Yo Yo - I am guessing you work in insurance? Or wait, maybe medicine?
I am RELIEVED to hear that you think the ACA is here to stay but — as someone who had to hear “Benghazi” for about FOUR freaking years after the attack — you and I both know that this is a red meat issue that many “people” (and I use that term loosely) may be looking to make their careers on.
I would love to hear your prediction on what is going to shake out with prescription benefit managers.
I’m an uber boring lawyer in the healthcare space. I don’t have a lot of confidence in what will happen with potential changes to Medicare/Medicaid or regulations on the industry writ large.
But I am confident that the ACA’s protections for pre-existing conditions aren’t going anywhere. Even if Republicans in Congress re-codify the protections into something that can’t be called “Obamacare” (that’s really the stick in their craw, IMO), their own constituents have gotten so used those protections and are hell bent on keeping those protections. I say this as a lifelong Democrat, it would be political suicide for Republicans to nuke those protections. They’re here to stay.
Not sure what you mean by “how things will shake out with PBMs,” as that’s an entirely different and amorphous subject that would take a semester to explain.
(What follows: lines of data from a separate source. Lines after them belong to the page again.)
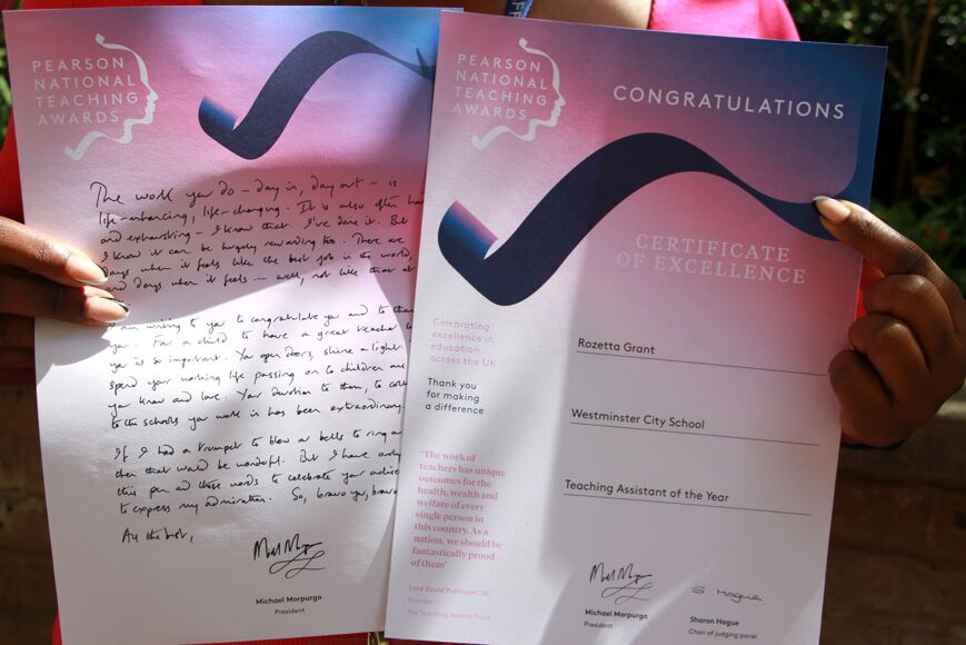 Congratulations to Ms Grant, SEND Learning Support Assistant at Westminster City School on receiving a timely certificate of excellence as part of the Pearson Teaching Awards. Ms Grant received her certificate on Wednesday 19 June which marked ‘National Thank a Teacher Day’.
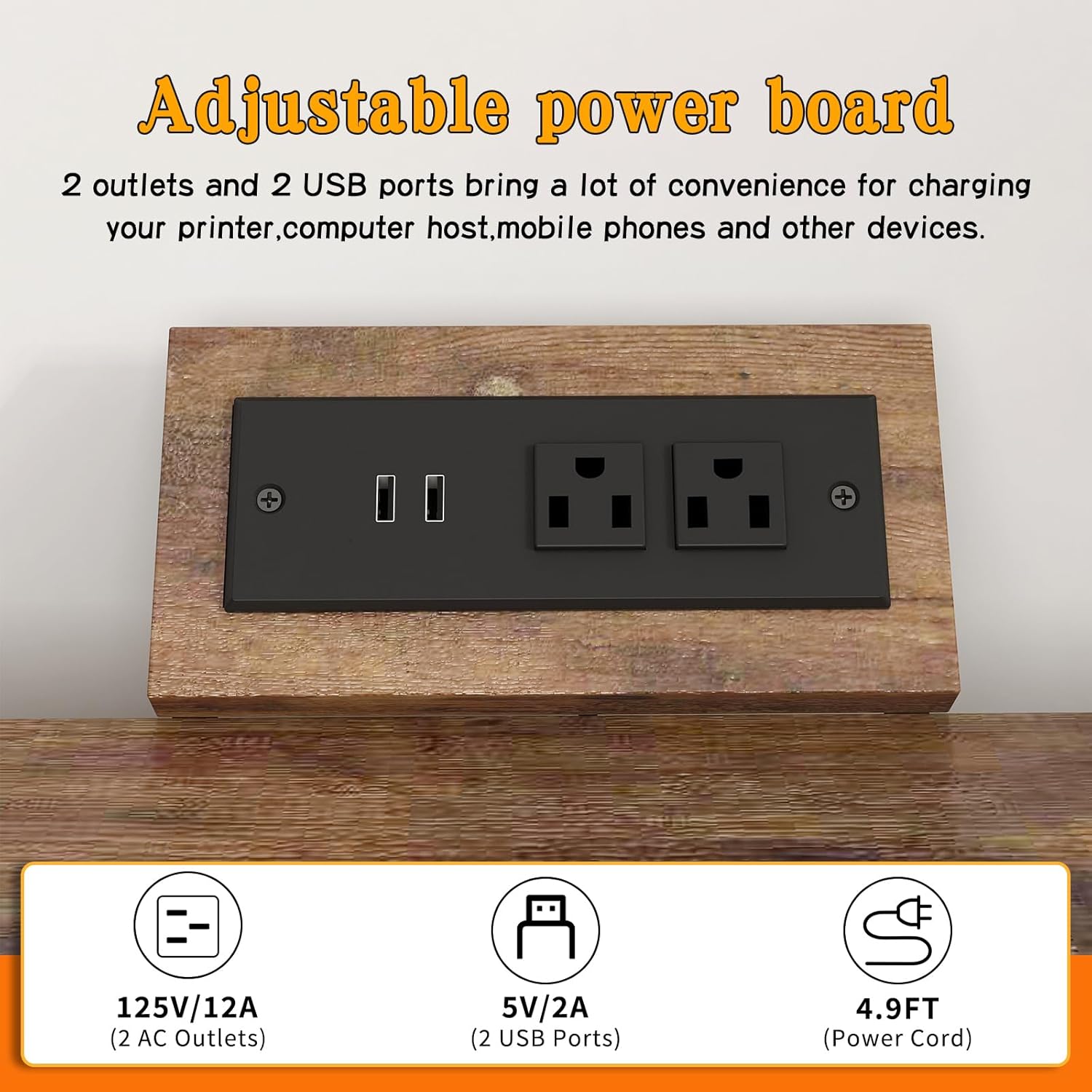 - 【Sturdy and Heavy&Built-in Power Outlets】each shelf is reinforced with a sturdy steel tube underneath for enhanced stability and impressive weight capacity. Built with premium particle board Printer table with charging station contains 2 power outlets and 2 USB charging ports
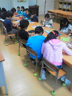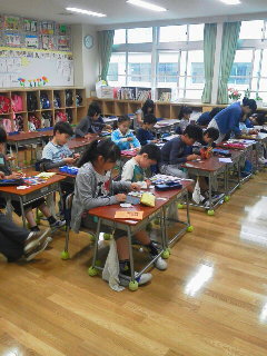 来週の砧公園への全校なかよしタイムの打ち合わせを各班ごとに行いました。班の数字を基にしたデザインを6年生が考え、全員が同じデザインのワッペンをつくりました。
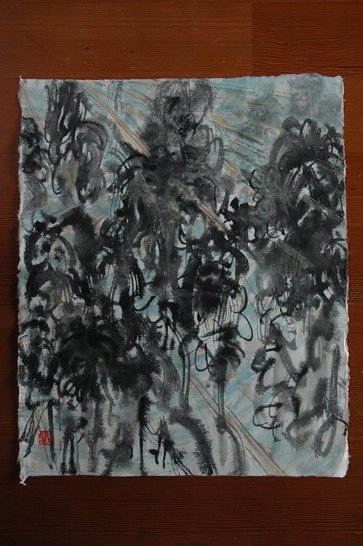 I felt something different in paper. It didn't really absorb ink. Using washi made in the village, I try to tell the artisans what I feel with paper. Of course, I don't know if my words are worth considering for them, but at least they can be something for them.
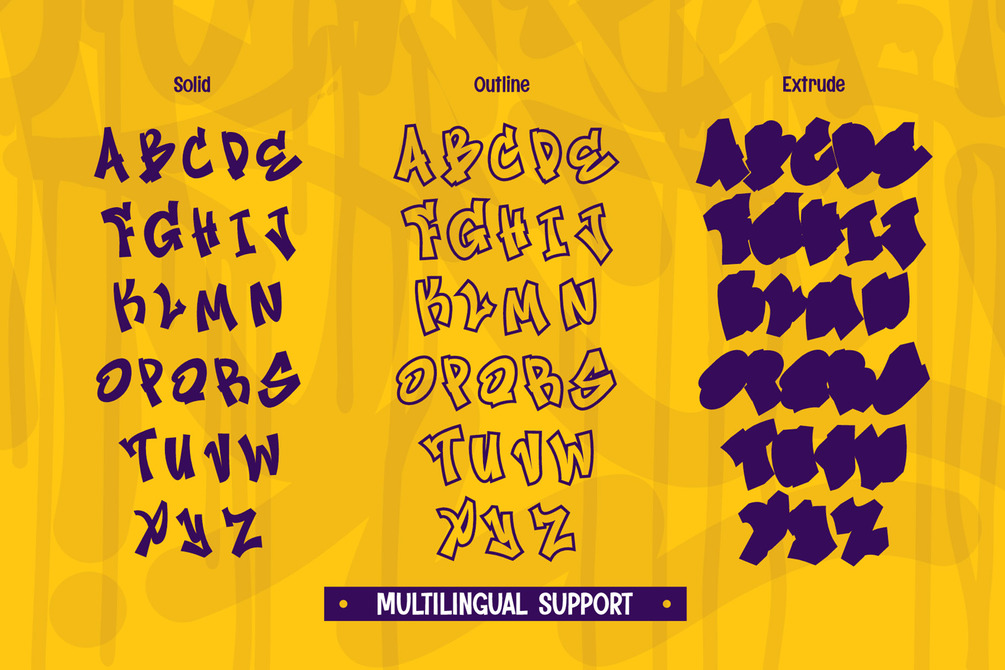 Edge Bolt is a bold and dynamic 3D layered graffiti font featuring sharp and thin characters that bring an electrifying street-style aesthetic to your designs. This font comes with three distinct layers—Solid, Outline, and Extrude—allowing you to create eye-catching depth and dimension effortlessly. Whether you're designing for streetwear branding, posters, digital artwork, or urban-themed projects, Edge Bolt delivers a striking and edgy look. With its layered versatility, this font makes it easy to mix and match styles for a unique, high-impact visual experience.
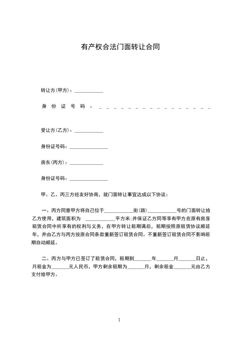 转让方(甲方)_________身份证号码__________________
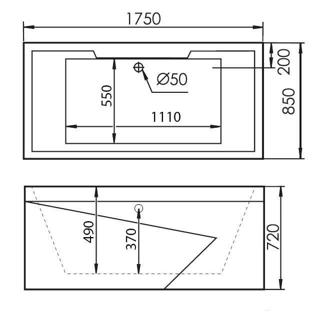 | Диаметр выпуска (отверстия для слива) | 50 |
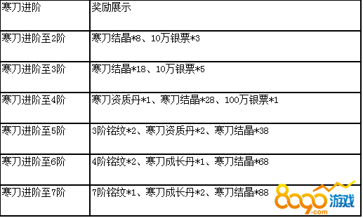 活动说明:活动期间,寒刀进阶达到相应条件,即可领取奖励,寒刀铭纹、寒刀结晶大放送,机不可失,赶快来进阶寒刀吧!
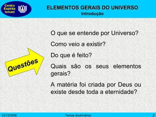 O documento discute os elementos gerais do universo de acordo com a doutrina espírita. Apresenta que o universo é composto por Deus, espírito e matéria. Explica que a matéria foi criada por Deus há bilhões de anos e evoluiu ao longo do tempo, formando a Terra, o sistema solar e as galáxias. Também descreve que o espírito se une à matéria por meio do perispírito para sua evolução.
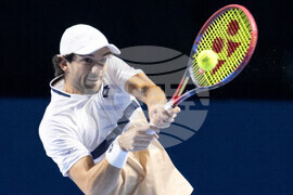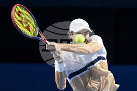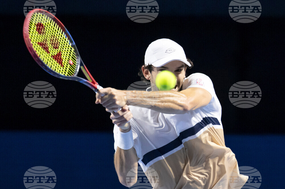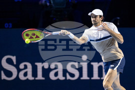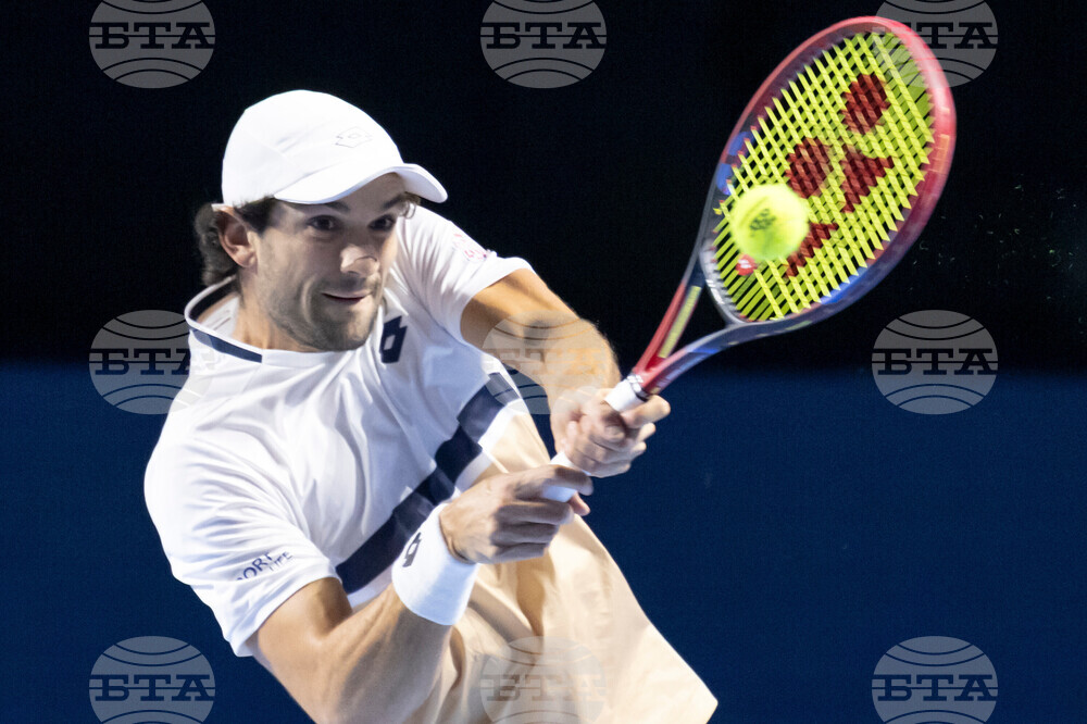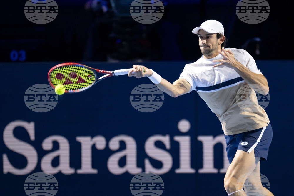 Taylor Fritz of the U.S. returns a ball to Monaco's Valentin Vacherot during their first round match at the Swiss Indoors tennis tournament at the St. Jakobshalle in Basel, Switzerland, Wednesday, Oct. 22, 2025. (Georgios Kefalas/Keystone via AP)
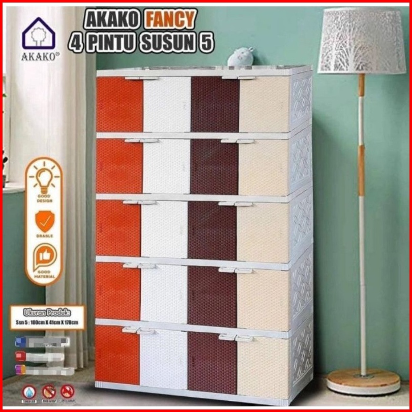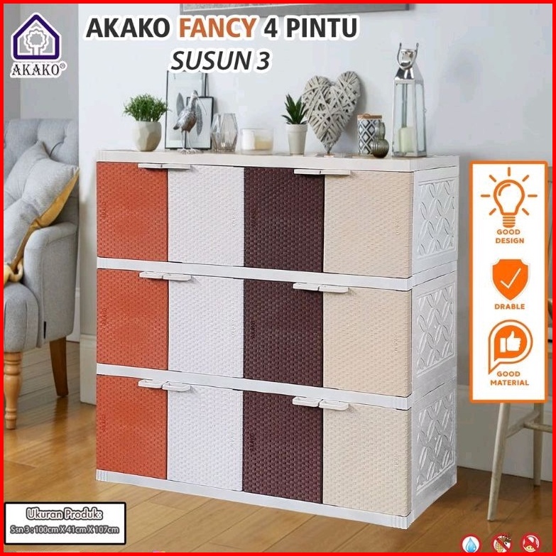 Akako - Lemari Pakaian Plastik Jumbo Akako Fancy 4 Pintu Rotan Susun 2 3 4 Dan 5
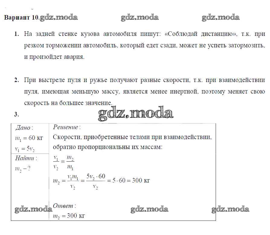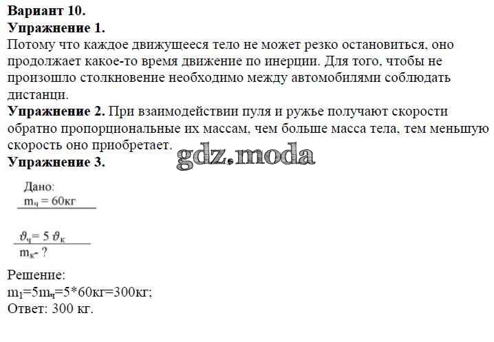 ОТВЕТ на задание № Вариант №10 Дидактические материалы по Физике 7 класс Марон Вертикаль
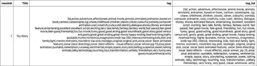 现在我们可以得到每个电影的前50个标签的列表,我们将在下一节中使用它们。例如,Toy Story的前50个标签如下。
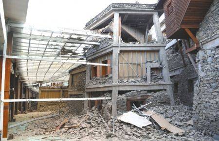 地震中受损的九寨天堂洲际大饭店餐厅。

PBMs don’t determine medical coverage, they’re an administrator of the plan’s prescription benefits. Biggest issue with them right now is drug price fixing, and that’s different from insurance coverage on the whole. But the incoming Admin doesn’t seem too interested in dealing with that.
But back to the point here, and comments made in this thread. Attempting to compare coverage for a particular medication, like a GLP1, with denying insurance coverage on the whole for a pre-existing condition or conduct, is like comparing apples and hand grenades. And scaring people into not being honest with providers out of irrational fear the insurance companies will deny coverage for resulting medical conditions is just… silly. It’s also dangerous. It will result in misdiagnosis, ineffective treatment, unnecessary tests, negative drug interactions, medically unnecessary and counterproductive prescriptions, and more.
And anyone thinking they can just read test results themselves has a fool for a patient. ChatGPT ain’t your doctor. And what happens when you need treatment for whatever ChatGPT tells you, and the only explanation is the peptides? You think your doctor is just gonna think you’re a medical mystery? Nope. You’re back to square one. And if your plan can prove that you caused them to incur unnecessary costs as a result of your intentional omissions, in theory, they could seek subrogation against you for those costs. Not smart.
On top of illicit drugs, tens of millions of people, probably more, take supplements, herbs, vitamins, peptides and other things that aren’t FDA approved. Does anyone think that someone who takes iron supplement pills, Vitamin A or D, or black cohosh, each of which are not FDA approved and can be toxic in the wrong amounts and show up in blood work, will be denied insurance coverage? No. Peptides are no different.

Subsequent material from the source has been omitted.